I had hesitated because a friend had said that ADIF specified field lengths, which I was worried might then be universal, therefore assumed to be 3 decimal places, therefore possibly truncated, but it seems not.
That individual mentioned ADIF Master also, but I opted to test further down the chain by porting the .adi into QRZ anyway and confirming the records appeared. Not only did they, but the new entries included at least one validated 4-decimal record (though the visible part specifies band only, not freq), so apparently the longer field value did not undermine the association to an existing record.
So the answers to my questions it turns out are (1) yes, (2) yes, (3) not needed for ADIFs, and (4) probably not, but not a concern. I mostly wanted HAMRS so I wouldn’t have to double enter for both a Winter Field Day upload and QRZ, though it’d be nice to activate POTA sometime too . Memo to self, make the PayPal donation.
On the plus side, this thread will now hopefully appear in search results for the next person talking to some 7.xxxx with the same concerns that I had
Glad it worked out for you. I’m certainly no expert, but it was the only thing I could come up with.
Also note that QRZ, LoTW, most contests, and presumably other logging systems, do not use the exact frequency to match QSOs. Most use the band instead. So you don’t really need to log to fractions of a kHz.
Interesting. I may still keep noting it for accuracy of record for my own purposes, but good to know it won’t have negative effects.
Out or curiosity, I just used Notepad to open the adi file, and the relevant field for the frequency read “<freq:7>28.3725” - but another with one less decimal read with an extra zero at the end as “<freq:7>28.3800” and a third was “<freq:5>7.230”.

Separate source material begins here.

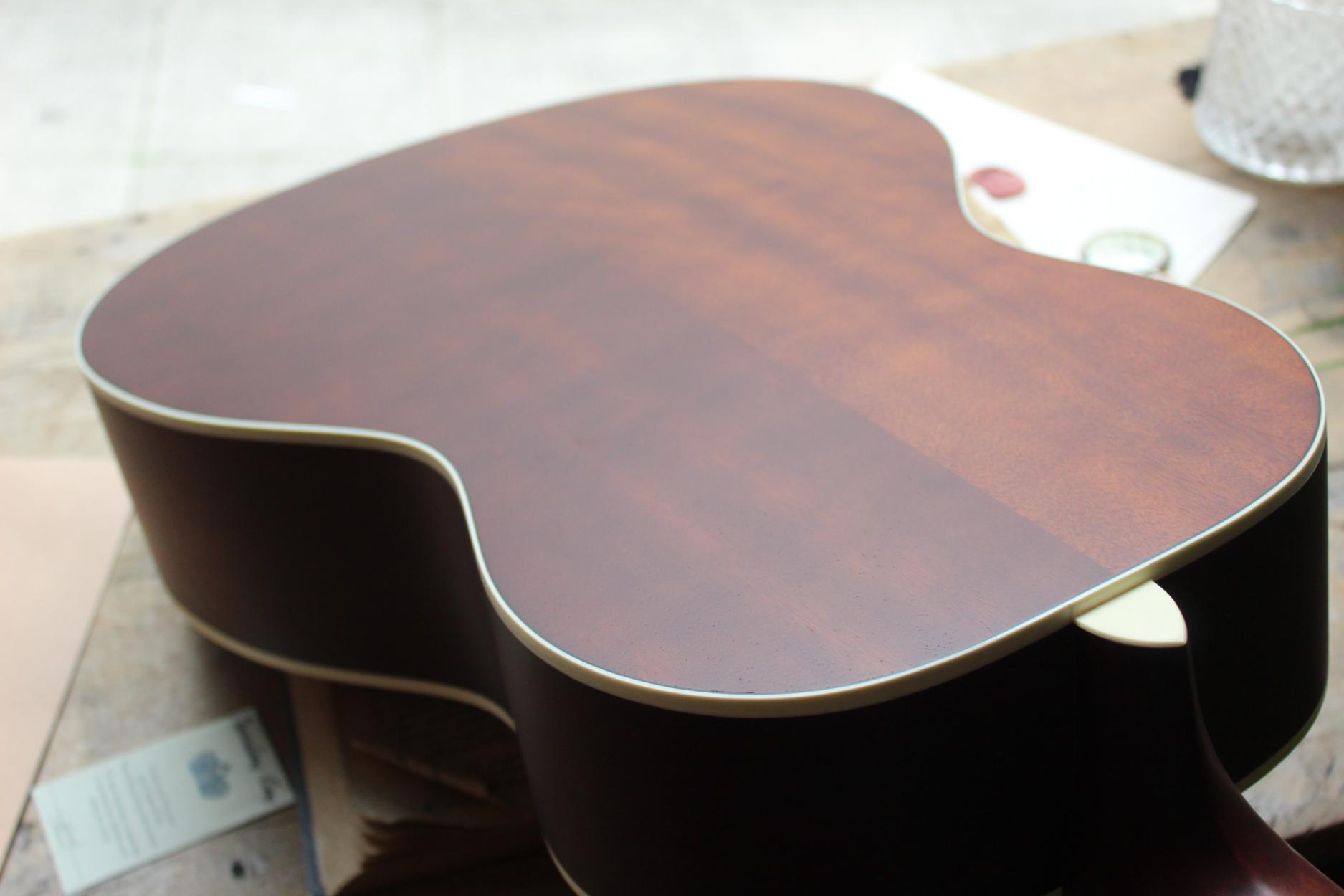 Body Shape:Single OTop Material:Solid Sitka SpruceBack Material:Solid African MahoganySide Material:Solid African MahoganyTop Bracing Pattern:Scalloped XTop Braces:Sitka SpruceNeck Material:MahoganyNeck Profile:C ShapeNeck Joint:DovetailFretboard Material:PadaukScale Length:25.4"# Of Frets Clear:12# Of Frets Total:20Nut Material:BoneNut Width:1-11/16"Headstock Overlay:BlackHeadstock Inlay:NoneTuning Machines:Open Gear, Ivoroid ButtonBody Binding:IvoroidRosette:Small RingTop Purfling:NoneFretboard Inlays:Ivoroid DotsFretboard Binding:NoneBridge Material:PadaukBridge Shape:Belly BridgeSaddle:BoneBridge Pins & Endpin:Ivoroid PlasticPickguard:NoneFinish:Ultra Thin Zero-VOC Satin FinishElectronics:Fishman Presys VTColor Options:Transparent Brownburst

The 7 and the 5 are string lengths for the value following, and I at first guessed the .3800 example was either a norm or an effect of the existence of the value with 4 decimals instead of 3 - but the existence of the third example suggests maybe not, it looks like it’s described case by case, depending on the length for any individual record.
Well, we can be confident it’s resilient anyway.